(Exercise goal) Retype all of the data word for word, without pictures.

[Records from a data collection]
══════════

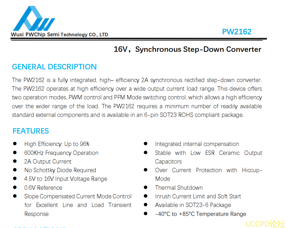 PW2162 是一颗高效率,高集成的 2A 同步整流降压转换器, PW2162 可在宽输入电压范围工作: 4.5V-16V ,可调输出电压,内部集成了 MOS 管整流,节省了外部肖特基二极管,效率也得到提高。
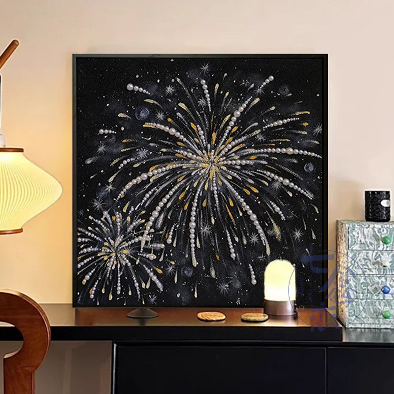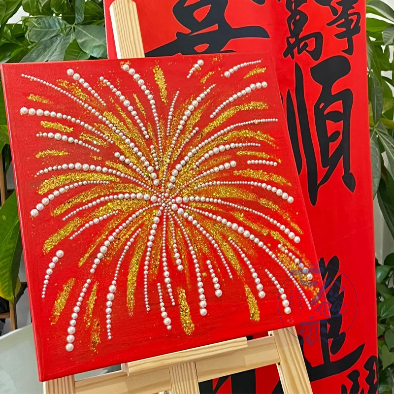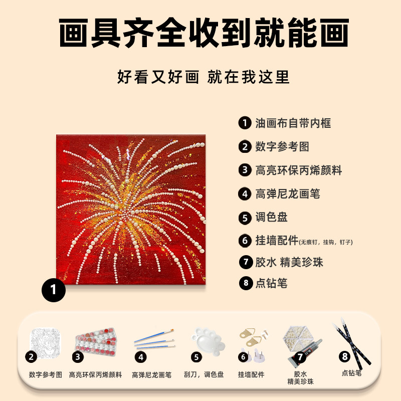 高级感烟花珍珠画数字油画diy填充色手工绘材料包新年丙烯装 饰画
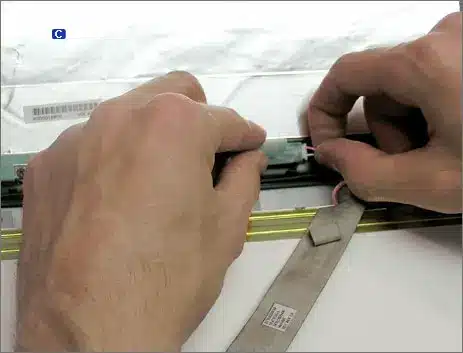 • Si la pantalla portátil es LCD, retirar el enchufe blanco del inverter. Si no puede porque el inverter no esta accesible, puede tener que destornillarlo.
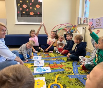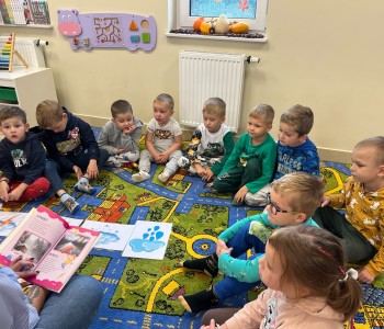 Czytanie im na głos stymuluje ich rozwój, wzbogaca słownictwo oraz pobudza wyobraźnię. Książka to jedno z najlepszych źródeł wiedzy, pozwala przeżywać wspaniałe emocje. Dzieci wysłuchały wierszy z książki „Skąd się wzięła pogoda, czyli fascynująca przyroda” Izabeli Michta. Przedszkolaki utrwaliły cechy charakterystyczne dla poszczególnych pór roku, nazywały zjawiska atmosferyczne oraz uświadomiły sobie konieczność dostosowania ubioru do warunków atmosferycznych. Spotkanie odbywało się w miłej, pełnej uśmiechów i wrażeń atmosferze.
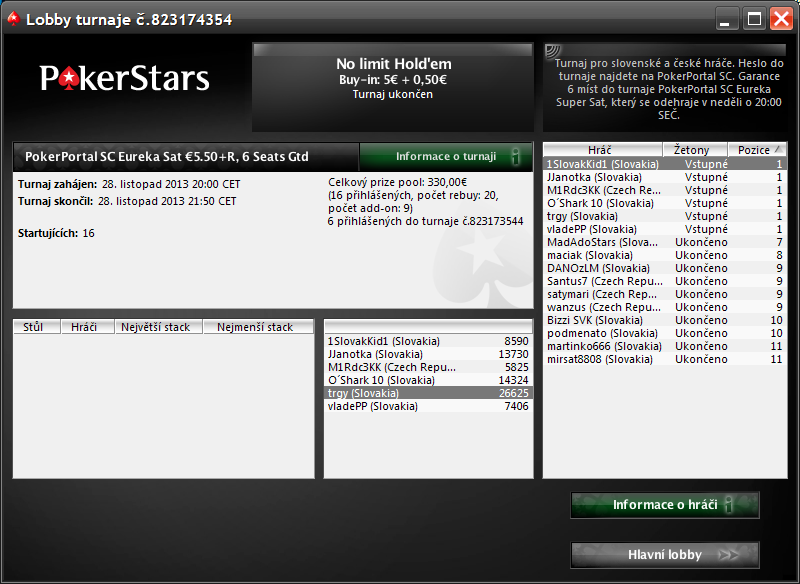Zatiaľ je registrovaných len 6 hráčov, tí, ktorí ste vyhrali vstupenky počas týždňa sa nezabudnite regnúť a ak sa chce pridať niekto ďalší, dvere sú samozrejme otvorené, heslo je tu: http://www.pokerportal.info/online-turnaj ... a-turnaje/
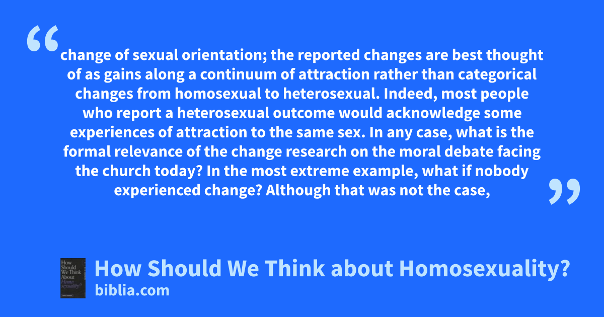 change of sexual orientation; the reported changes are best thought of as gains along a continuum of attraction rather than categorical changes from homosexual to heterosexual. Indeed, most people who report a heterosexual outcome would acknowledge some experiences of attraction to the same sex. In any case, what is the formal relevance of the change research on the moral debate facing the church today? In the most extreme example, what if nobody experienced change? Although that was not the case,
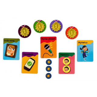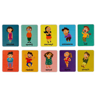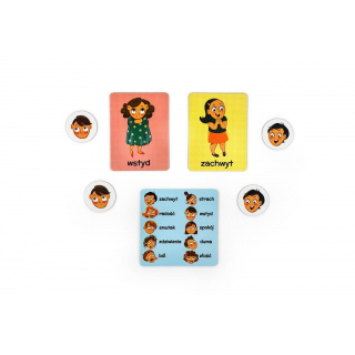 W zestawie znajdziecie: karty, żetony, listę emocji i medale. Realistyczne rysunki Katarzyny Urbaniak wprowadzą najmłodszych w świat emocji i pomogą je oswoić. Wszystkie elementy zostały wykonane z grubej tektury, co gwarantuje wytrzymałość i bezpieczną zabawę.
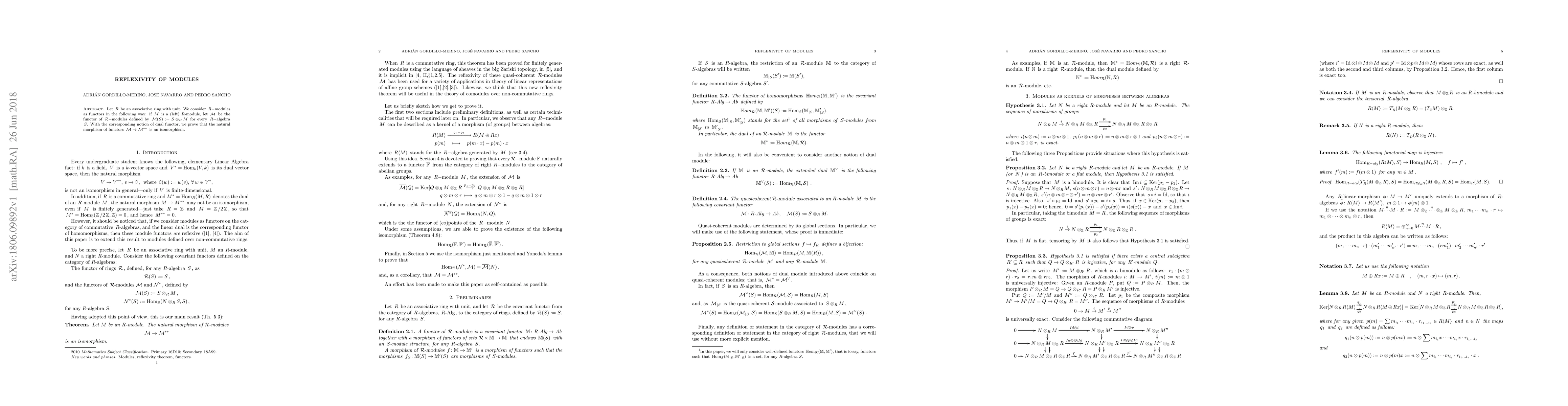 We consider $\,R-$modules as functors in the following way: if $\,M\,$ is a (left) $R$-module, let $\,\mathcal M\,$ be the functor of $\,\mathcal R-$modules defined by $\,\mathcal M(S) := S \otimes_R M\,$ for every $\,R-$algebra $\,S$. With the corresponding notion of dual functor, we prove that the natural morphism of functors $\,\mathcal M\to \mathcal M^{**}\,$ is an isomorphism.

══════════

(Output)
 PW2162 是一颗高效率,高集成的 2A 同步整流降压转换器, PW2162 可在宽输入电压范围工作: 4.5V-16V ,可调输出电压,内部集成了 MOS 管整流,节省了外部肖特基二极管,效率也得到提高。
 高级感烟花珍珠画数字油画diy填充色手工绘材料包新年丙烯装 饰画
 • Si la pantalla portátil es LCD, retirar el enchufe blanco del inverter. Si no puede porque el inverter no esta accesible, puede tener que destornillarlo.
 Czytanie im na głos stymuluje ich rozwój, wzbogaca słownictwo oraz pobudza wyobraźnię. Książka to jedno z najlepszych źródeł wiedzy, pozwala przeżywać wspaniałe emocje. Dzieci wysłuchały wierszy z książki „Skąd się wzięła pogoda, czyli fascynująca przyroda” Izabeli Michta. Przedszkolaki utrwaliły cechy charakterystyczne dla poszczególnych pór roku, nazywały zjawiska atmosferyczne oraz uświadomiły sobie konieczność dostosowania ubioru do warunków atmosferycznych. Spotkanie odbywało się w miłej, pełnej uśmiechów i wrażeń atmosferze.
Zatiaľ je registrovaných len 6 hráčov, tí, ktorí ste vyhrali vstupenky počas týždňa sa nezabudnite regnúť a ak sa chce pridať niekto ďalší, dvere sú samozrejme otvorené, heslo je tu: http://www.pokerportal.info/online-turnaj ... a-turnaje/
 change of sexual orientation; the reported changes are best thought of as gains along a continuum of attraction rather than categorical changes from homosexual to heterosexual. Indeed, most people who report a heterosexual outcome would acknowledge some experiences of attraction to the same sex. In any case, what is the formal relevance of the change research on the moral debate facing the church today? In the most extreme example, what if nobody experienced change? Although that was not the case,
 W zestawie znajdziecie: karty, żetony, listę emocji i medale. Realistyczne rysunki Katarzyny Urbaniak wprowadzą najmłodszych w świat emocji i pomogą je oswoić. Wszystkie elementy zostały wykonane z grubej tektury, co gwarantuje wytrzymałość i bezpieczną zabawę.
 We consider $\,R-$modules as functors in the following way: if $\,M\,$ is a (left) $R$-module, let $\,\mathcal M\,$ be the functor of $\,\mathcal R-$modules defined by $\,\mathcal M(S) := S \otimes_R M\,$ for every $\,R-$algebra $\,S$. With the corresponding notion of dual functor, we prove that the natural morphism of functors $\,\mathcal M\to \mathcal M^{**}\,$ is an isomorphism.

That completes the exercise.